Metric / Algorithm What It Measures Pros Cons Computational Cost
Adversarial Accuracy Worst-case performance under a specific attack and budget (ε). Easy to understand; directly comparable across models. Highly dependent on the attack’s strength; can be misleading if the attack is weak. Medium (Requires attack generation for each sample).
Minimal Perturbation The average “effort” required to fool the model. Attack-agnostic in principle; provides a measure of input-specific brittleness. Can be slow; the “average” might hide extreme vulnerabilities in some samples. High (Requires iterative optimization per sample).
Certified Robustness A provable guarantee that no attack within a radius ε can succeed. The strongest form of robustness verification; attack-independent. Extremely high computational cost; certified radii are often small.

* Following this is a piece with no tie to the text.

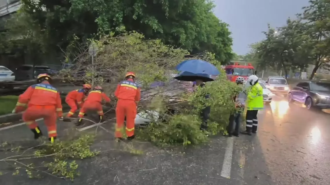 Woman rescued after getting injured by wind-toppled tree in Guangdong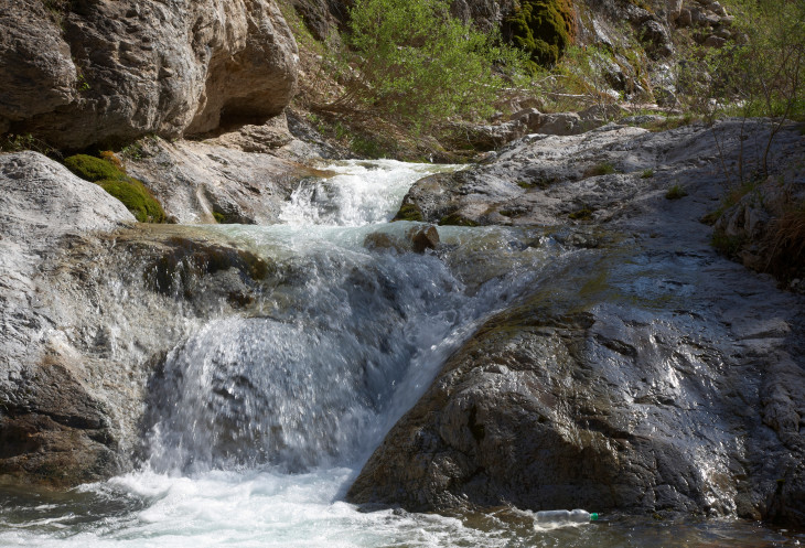 Правда, приток тоже течет в каньоне, видимо, тут так принято. Но на этот раз каньон не такой глубокий, а речка не такая бурная. Идем вниз – где-то по берегу, где-то прямо по воде, а где-то сползая пятой точкой по маленьким водопадам. Я мокрая по пояс. А дети сидят в рюкзаках и хохочут, да еще и нас подгоняют, чтобы мы не останавливались.

Very High (Requires thousands of forward passes per sample).

As a red teamer, your task is to select the appropriate tool for the job. For a quick assessment, adversarial accuracy against a strong attack like PGD is a good start. For a deep dive into a critical system, investing the time to calculate minimal perturbations or even achieve a certified radius provides much stronger evidence of a model’s true resilience.